Now, they couldn't do this sticking with CodeDeploy because first, CodeDeploy doesn't support Service Connect, so they couldn't use it with the catalog for canaries. But also, what they wanted to do to expose the catalog on a public API is they wanted to expose it on the same load balancer and on the same port. And to do that, they would need to use the load balancer's advanced request routing capabilities to use path-based routing.

Thumbnail 1340

With CodeDeploy, you can't do path-based routing, so by moving to ECS Blue-Green, they were able to achieve their objective, right? So essentially what you can see here is they were able to use path-based routing to access two different services through the same port on the ALB and also switch to canaries on the catalog service.

Thumbnail 1360

So let's look at this in a bit more detail, starting with the load balancer. What I'm going to do with this diagram, we'll come back to this diagram as we go through the talk. I'm going to go through a number of different ways of exposing services on ECS and show you how advanced deployments work with each of them.

Thumbnail 1390

So we're starting here with the load balancer. So when you do advanced deployments with ALB, you need to provide as a minimum a production listener rule, right? And optionally a test listener rule. And the way it works is essentially the weights on those listener routes are manipulated by the deployment controller to achieve the traffic shifting effects that we talked about previously.

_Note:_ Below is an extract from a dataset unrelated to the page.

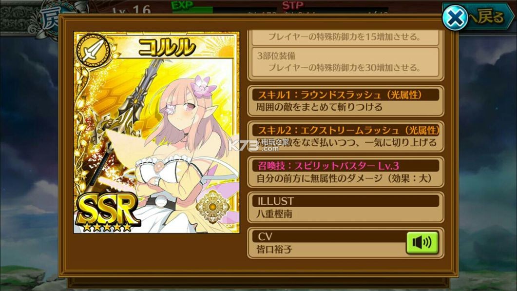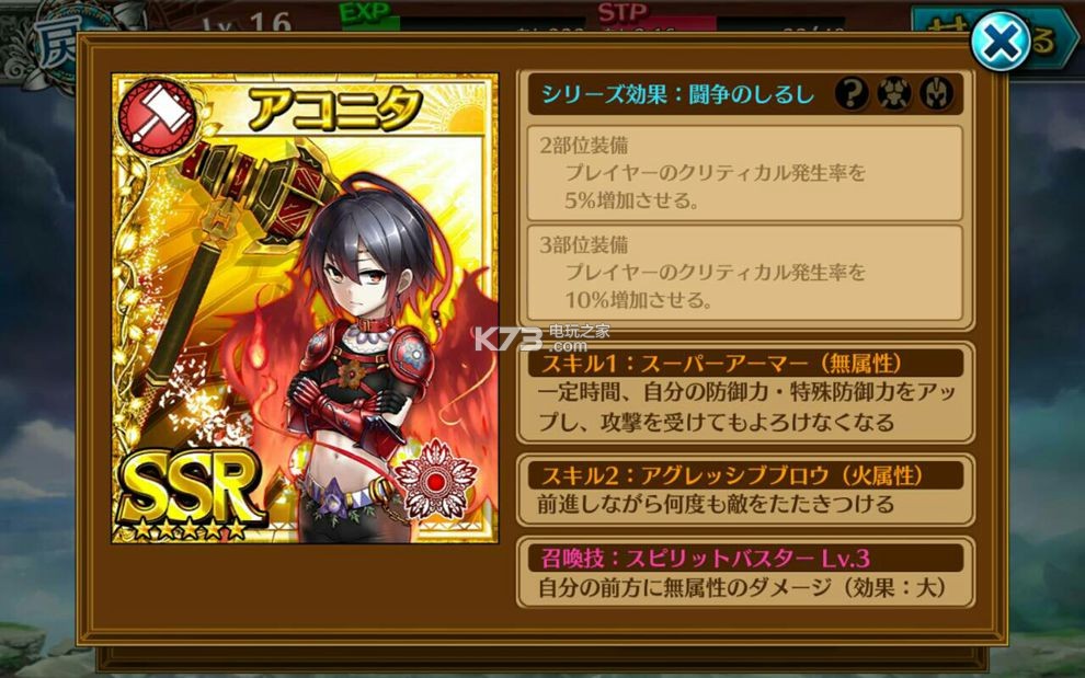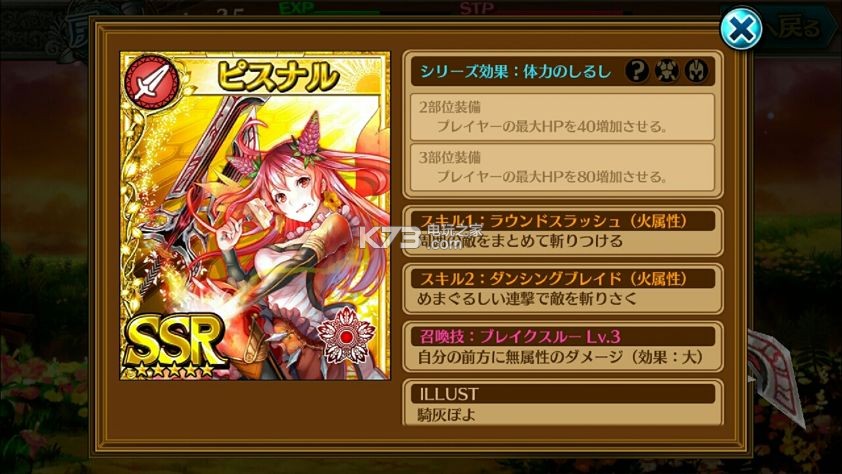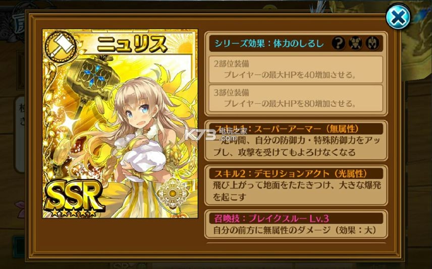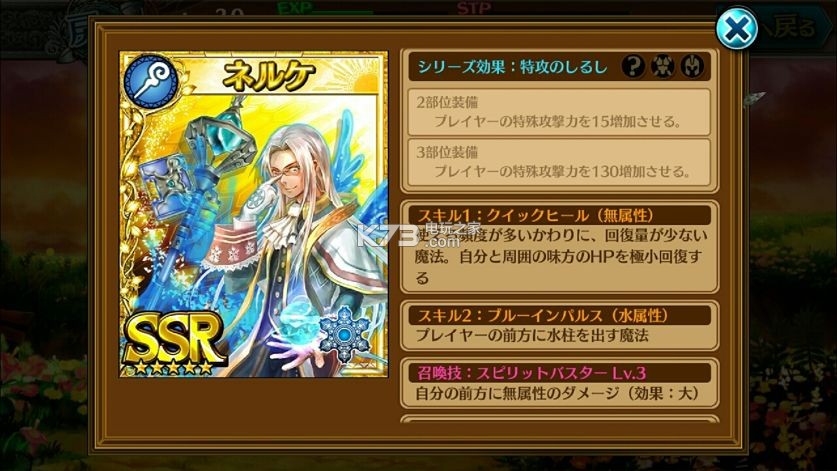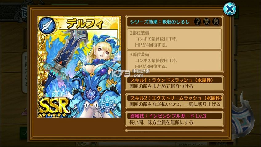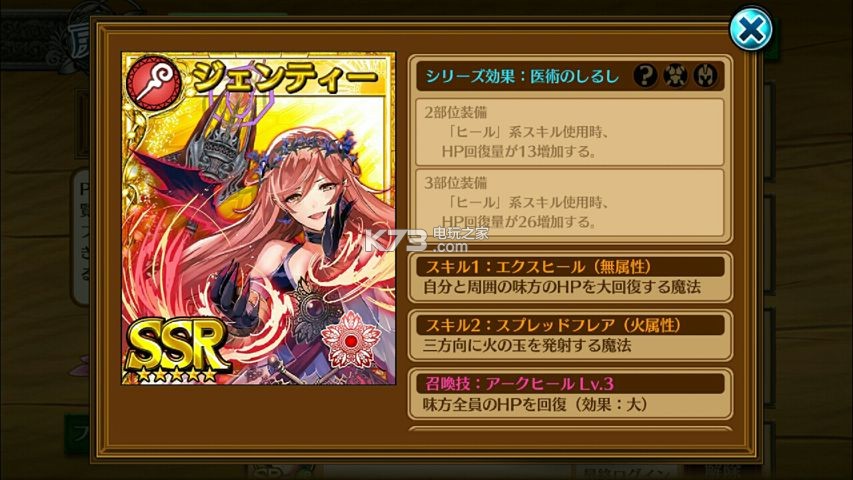 | 召唤技 | 我方全员HP回復500 Lv3 | |||

Because ALB works at the listener rule level, it is possible to take full advantage of advanced request routing on the Application Load Balancer, which means you can still do path-based routing, you can do header-based routing, query string-based routing, all the features that you've come to expect with ALB can still be supported. You can also make the same service available on multiple listeners as well, and that will also work with advanced deployments.

Thumbnail 1440

In order to configure this, in your service configuration, in the load balancer block, you will add this advanced configuration block. And here you specify a second target group, so you now need a second target group in order for the advanced deployments to work. And then you specify a production listener rule ARN, optionally a test listener rule ARN, and importantly, also an IAM role, and the IAM role is needed to give ECS permission to manipulate the weights on those listener rules.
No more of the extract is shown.